- _Exercise goal_
All entries below must be retyped exactly, though pictures are to be skipped.

Records from a data collection:

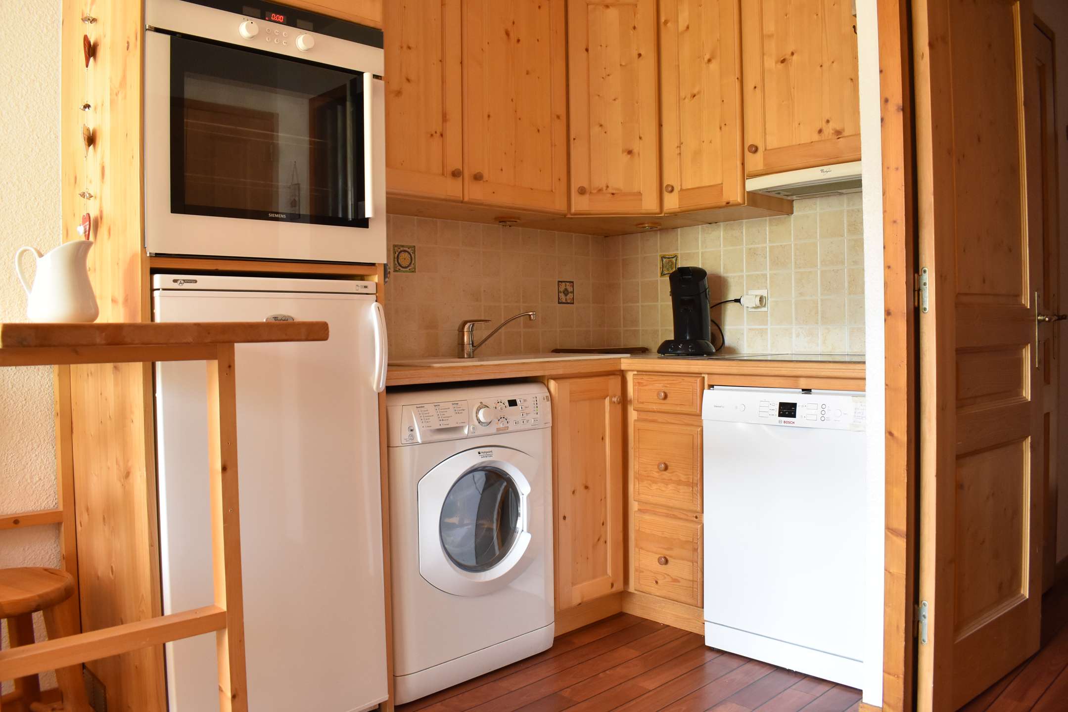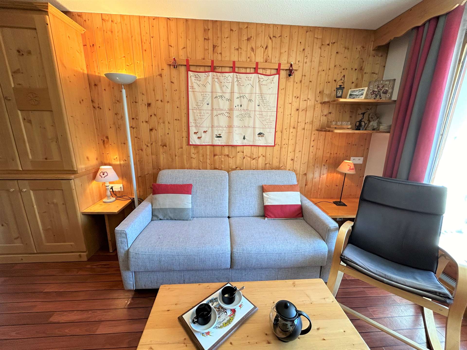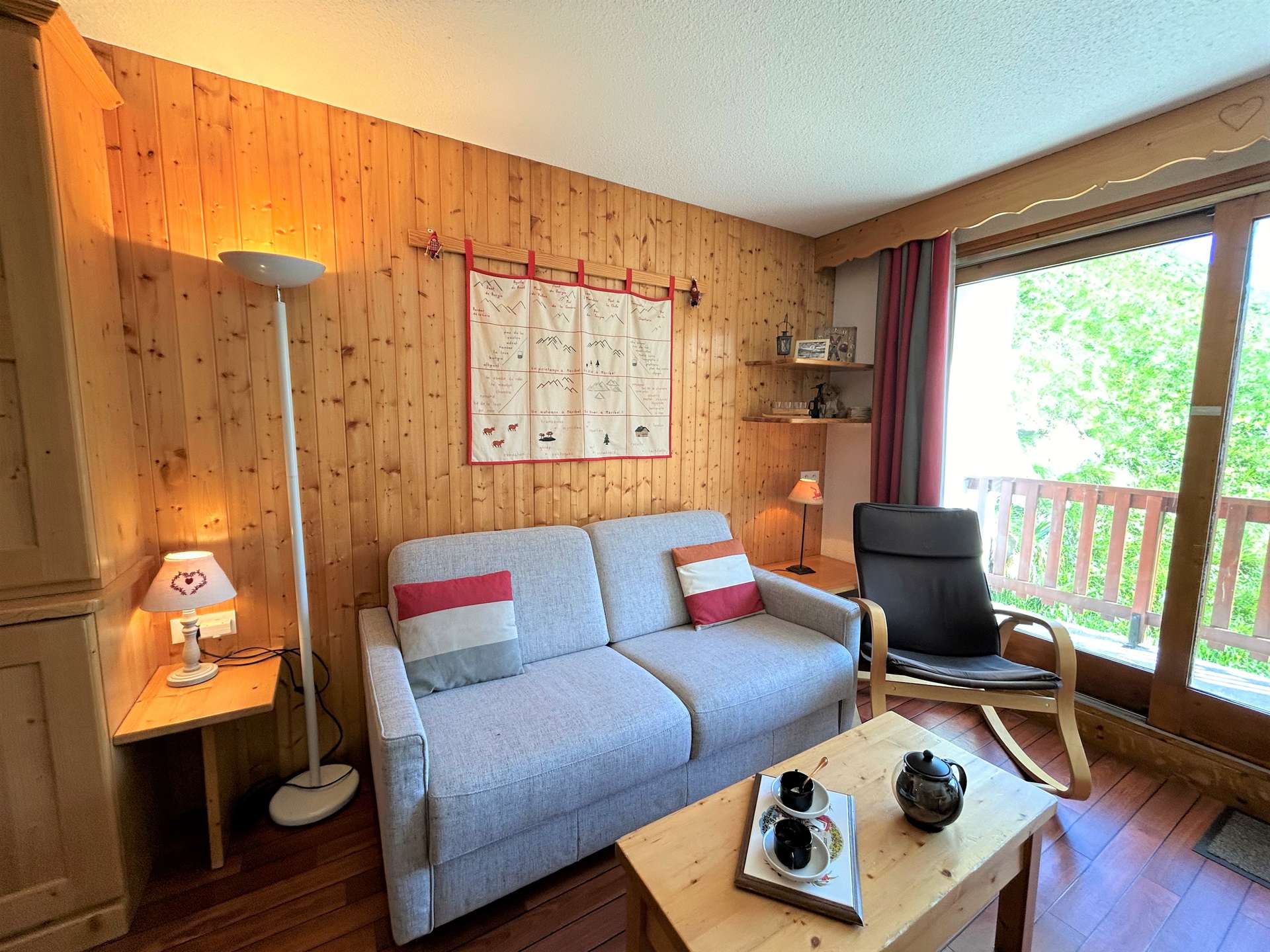 This pretty apartment in the mountains located on the 1st floor of the residence with elevator includes an equipped kitchen with dishwasher, washing machine/dryer, a living room with dining area, a living room with a sofa bed convertible into 140, a television overlooking a south balcony, an entrance with 1 low drop-down bed for 1 person in 80, a bedroom with a bed for 2 people in 140, a bathroom and a separate toilet. A ski locker is at your disposal at the entrance to the residence.
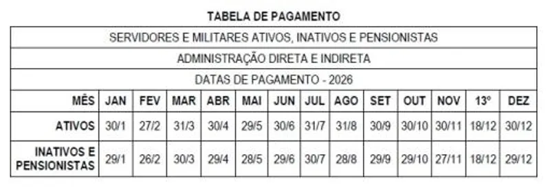Os vencimentos de inativos e pensionistas serão pagos no penúltimo dia útil de cada mês, enquanto os salários dos servidores ativos serão depositados no último dia útil do mês trabalhado. A primeira parcela do 13º salário será quitada ao longo do ano, junto com as férias, se esta for a opção do servidor, ou no mês do aniversário. Já a segunda parcela será paga no dia 18 de dezembro.
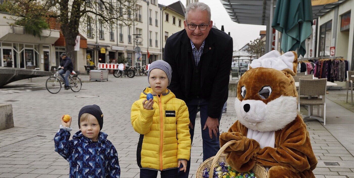 Bürgermeister Matthias Renschler und der Osterhase haben in einer Aktion des Gewerbevereins am Ostersamstag kleine Geschenke in der Hauptstraße verteilt.
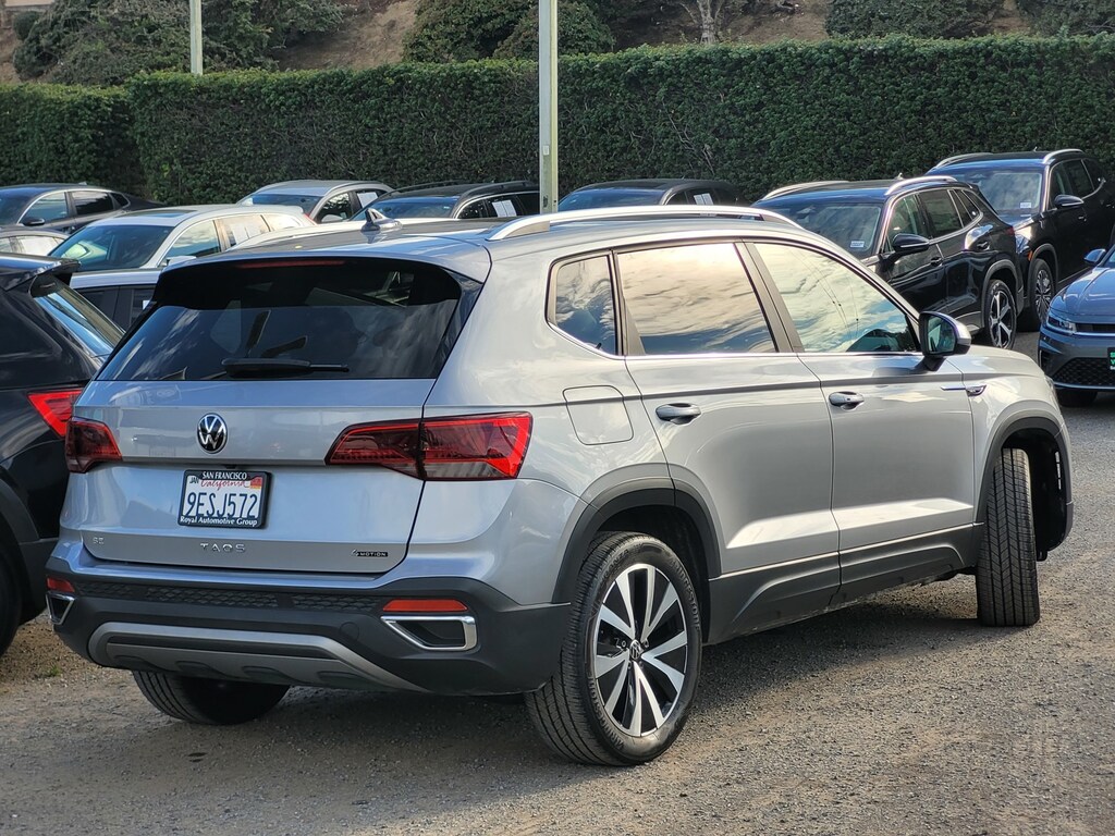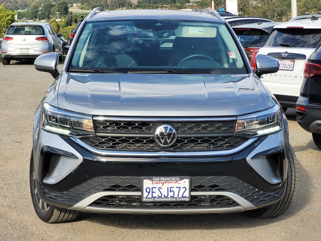 Clean CARFAX. CARFAX One-Owner. Silver Metallic 2023 Volkswagen Taos 1.5T SE AWD 7-Speed DSG Automatic with Tiptronic 1.5L I4 Turbocharged DOHC 16V LEV3-SULEV30 158hp 112 POINT INSPECTION, 4-Wheel Disc Brakes, 6 Speakers, ABS brakes, Active Blind Spot Monitor, Air Conditioning, Alloy wheels, AM/FM radio: SiriusXM with 360L, Auto High-beam Headlights, Brake assist, CloudTex & Cloth Seating Surfaces, Compass, Delay-off headlights, Dual front impact airbags, Dual front side impact airbags, Electronic Stability Control, Emergency communication system: VW Car-Net Safe & Secure 5-year, Exterior Parking Camera Rear, Four wheel independent suspension, Front anti-roll bar, Front Bucket Seats, Front Center Armrest, Fully automatic headlights, Heated door mirrors, Heated Front Comfort Seats, Heated front seats, Heated steering wheel, Leather Shift Knob, Low tire pressure warning, Occupant sensing airbag, Outside temperature display, Overhead airbag, Panic alarm, Panoramic Sunroof Package, Power door mirrors, Power driver seat, Power steering, Power windows, Radio data system, Radio: MIB3 Composition Media AM/FM/HD, Rain sensing wipers, Rear anti-roll bar, Rear window defroster, Rear window wiper, Remote keyless entry, Security system, Speed control, Speed-sensing steering, Split folding rear seat, Steering wheel mounted audio controls, Tachometer, Telescoping steering wheel, Tilt steering wheel, Traction control, Trip computer, Variably intermittent wipers, Wheels: 18" 2-Tone Machined Alloy.
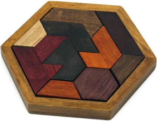 - Een leuke geometrische puzzel voor jong en oud. De puzzel bestaat uit 11 houten puzzeldelen. Er zijn meerdere manieren om deze puzzel in elkaar te zetten. Door de zeshoekige hexagon vorm is het een echte uitdaging om elk puzzelstukje passend te krijgen.
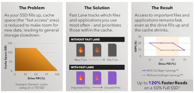 Read caching is of help only when the drive is not full enough to actually make the cache size too small to be of good use. Solidigm claims that this technique helps most in drives that are between 25% to 75% full
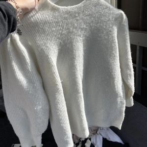 Vit stickad tröja i bra skick! Jättefin modell med lite puffiga ärmar!! Från Bruuns Bazar, köpt för 1299kr
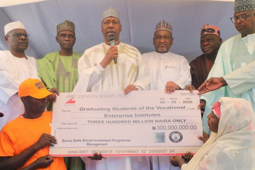 Borno State Governor, Babagana Umara Zulum, has empowered 2,970 youths who completed intensive vocational skills training across the state, with the distribution of starter packs and business kits valued at ₦2.05 billion.
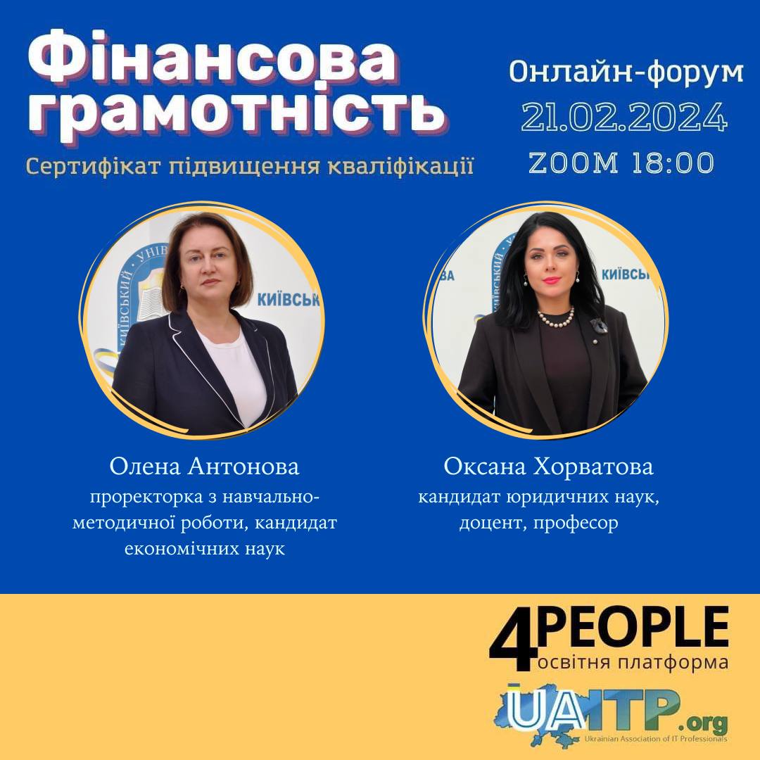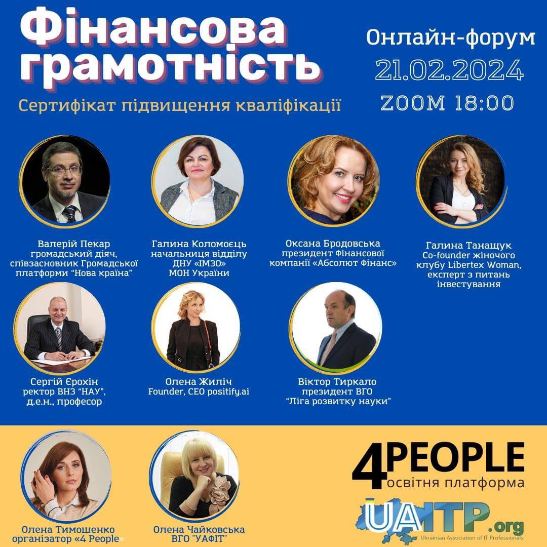 Минулого тижня в Києві відбувся форум «Фінансова грамотність», який був організований та проведений освітньою платформою «4PEOPLE» з метою обговорення найефективніших практик з підвищення фінансової інклюзії населення, оцінки досвіду викладання фінансової грамотності у закладах освіти, зосередження уваги на формуванні підприємницьких навичок у студентів, підвищення рівня фінансової грамотності освітян. У форумі приймали участь фахівці в галузі вищої освіти та підвищення якості у загальноосвітніх навчальних закладах, представники бізнесу, експерти ринку криптовалют, технології блокчейн та з питань інвестування на фінансових ринках. Загальна кількість учасників становила майже 200 осіб, що свідчить про актуальність та необхідність проведення таких заходів.
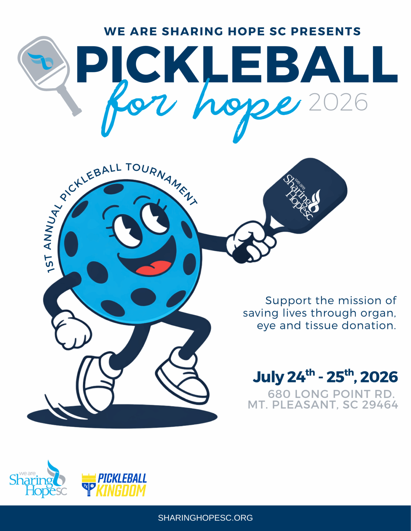Pickleball for Hope is We Are Sharing Hope SC’s new annual fundraising tournament bringing transplant recipients, donor families and community members together in a shared celebration of life and legacy. Through friendly competition and meaningful connection, participants honor donor heroes who gave the greatest gift, the gift of life.
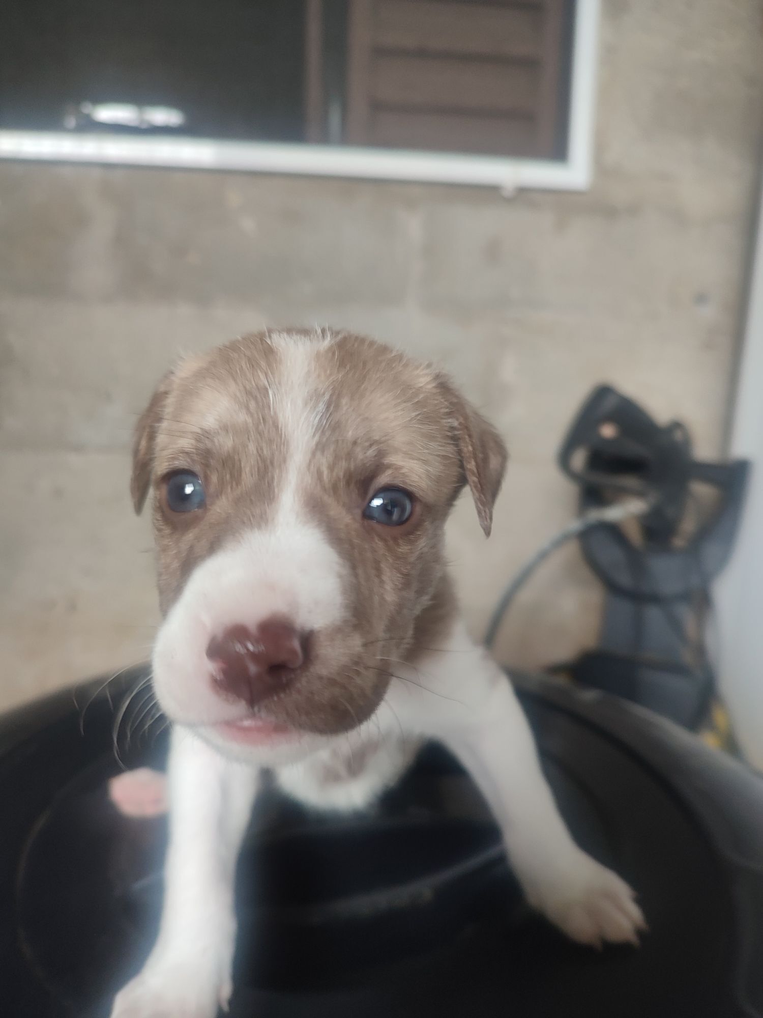 Este é um lindo cão macho, ainda sem nome, da raça SRD-ViraLata. Com menos de 2 meses de idade e porte médio, ele apresenta uma pelagem rajada com manchas brancas. Seu temperamento é adorável: é dócil, calmo e brincalhão, tornando-o um companheiro perfeito para qualquer família.
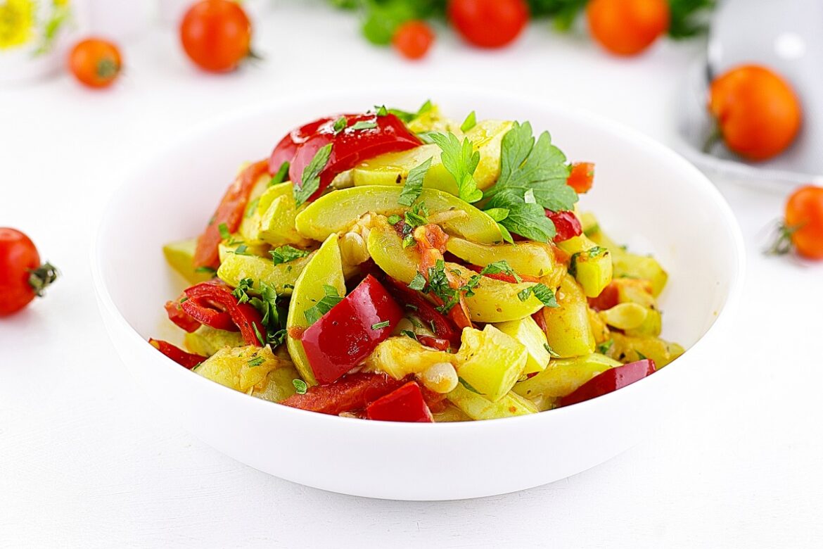 Add salt, ground black pepper, Italian herbs to taste. Mix. Stew zucchini with vegetables over low heat under the lid for 8-10 minutes.

- _Task answer_
 This pretty apartment in the mountains located on the 1st floor of the residence with elevator includes an equipped kitchen with dishwasher, washing machine/dryer, a living room with dining area, a living room with a sofa bed convertible into 140, a television overlooking a south balcony, an entrance with 1 low drop-down bed for 1 person in 80, a bedroom with a bed for 2 people in 140, a bathroom and a separate toilet. A ski locker is at your disposal at the entrance to the residence.
Os vencimentos de inativos e pensionistas serão pagos no penúltimo dia útil de cada mês, enquanto os salários dos servidores ativos serão depositados no último dia útil do mês trabalhado. A primeira parcela do 13º salário será quitada ao longo do ano, junto com as férias, se esta for a opção do servidor, ou no mês do aniversário. Já a segunda parcela será paga no dia 18 de dezembro.
 Bürgermeister Matthias Renschler und der Osterhase haben in einer Aktion des Gewerbevereins am Ostersamstag kleine Geschenke in der Hauptstraße verteilt.
 Clean CARFAX. CARFAX One-Owner. Silver Metallic 2023 Volkswagen Taos 1.5T SE AWD 7-Speed DSG Automatic with Tiptronic 1.5L I4 Turbocharged DOHC 16V LEV3-SULEV30 158hp 112 POINT INSPECTION, 4-Wheel Disc Brakes, 6 Speakers, ABS brakes, Active Blind Spot Monitor, Air Conditioning, Alloy wheels, AM/FM radio: SiriusXM with 360L, Auto High-beam Headlights, Brake assist, CloudTex & Cloth Seating Surfaces, Compass, Delay-off headlights, Dual front impact airbags, Dual front side impact airbags, Electronic Stability Control, Emergency communication system: VW Car-Net Safe & Secure 5-year, Exterior Parking Camera Rear, Four wheel independent suspension, Front anti-roll bar, Front Bucket Seats, Front Center Armrest, Fully automatic headlights, Heated door mirrors, Heated Front Comfort Seats, Heated front seats, Heated steering wheel, Leather Shift Knob, Low tire pressure warning, Occupant sensing airbag, Outside temperature display, Overhead airbag, Panic alarm, Panoramic Sunroof Package, Power door mirrors, Power driver seat, Power steering, Power windows, Radio data system, Radio: MIB3 Composition Media AM/FM/HD, Rain sensing wipers, Rear anti-roll bar, Rear window defroster, Rear window wiper, Remote keyless entry, Security system, Speed control, Speed-sensing steering, Split folding rear seat, Steering wheel mounted audio controls, Tachometer, Telescoping steering wheel, Tilt steering wheel, Traction control, Trip computer, Variably intermittent wipers, Wheels: 18" 2-Tone Machined Alloy.
 - Een leuke geometrische puzzel voor jong en oud. De puzzel bestaat uit 11 houten puzzeldelen. Er zijn meerdere manieren om deze puzzel in elkaar te zetten. Door de zeshoekige hexagon vorm is het een echte uitdaging om elk puzzelstukje passend te krijgen.
 Read caching is of help only when the drive is not full enough to actually make the cache size too small to be of good use. Solidigm claims that this technique helps most in drives that are between 25% to 75% full
 Vit stickad tröja i bra skick! Jättefin modell med lite puffiga ärmar!! Från Bruuns Bazar, köpt för 1299kr
 Borno State Governor, Babagana Umara Zulum, has empowered 2,970 youths who completed intensive vocational skills training across the state, with the distribution of starter packs and business kits valued at ₦2.05 billion.
 Минулого тижня в Києві відбувся форум «Фінансова грамотність», який був організований та проведений освітньою платформою «4PEOPLE» з метою обговорення найефективніших практик з підвищення фінансової інклюзії населення, оцінки досвіду викладання фінансової грамотності у закладах освіти, зосередження уваги на формуванні підприємницьких навичок у студентів, підвищення рівня фінансової грамотності освітян. У форумі приймали участь фахівці в галузі вищої освіти та підвищення якості у загальноосвітніх навчальних закладах, представники бізнесу, експерти ринку криптовалют, технології блокчейн та з питань інвестування на фінансових ринках. Загальна кількість учасників становила майже 200 осіб, що свідчить про актуальність та необхідність проведення таких заходів.
Pickleball for Hope is We Are Sharing Hope SC’s new annual fundraising tournament bringing transplant recipients, donor families and community members together in a shared celebration of life and legacy. Through friendly competition and meaningful connection, participants honor donor heroes who gave the greatest gift, the gift of life.
 Este é um lindo cão macho, ainda sem nome, da raça SRD-ViraLata. Com menos de 2 meses de idade e porte médio, ele apresenta uma pelagem rajada com manchas brancas. Seu temperamento é adorável: é dócil, calmo e brincalhão, tornando-o um companheiro perfeito para qualquer família.
 Add salt, ground black pepper, Italian herbs to taste. Mix. Stew zucchini with vegetables over low heat under the lid for 8-10 minutes.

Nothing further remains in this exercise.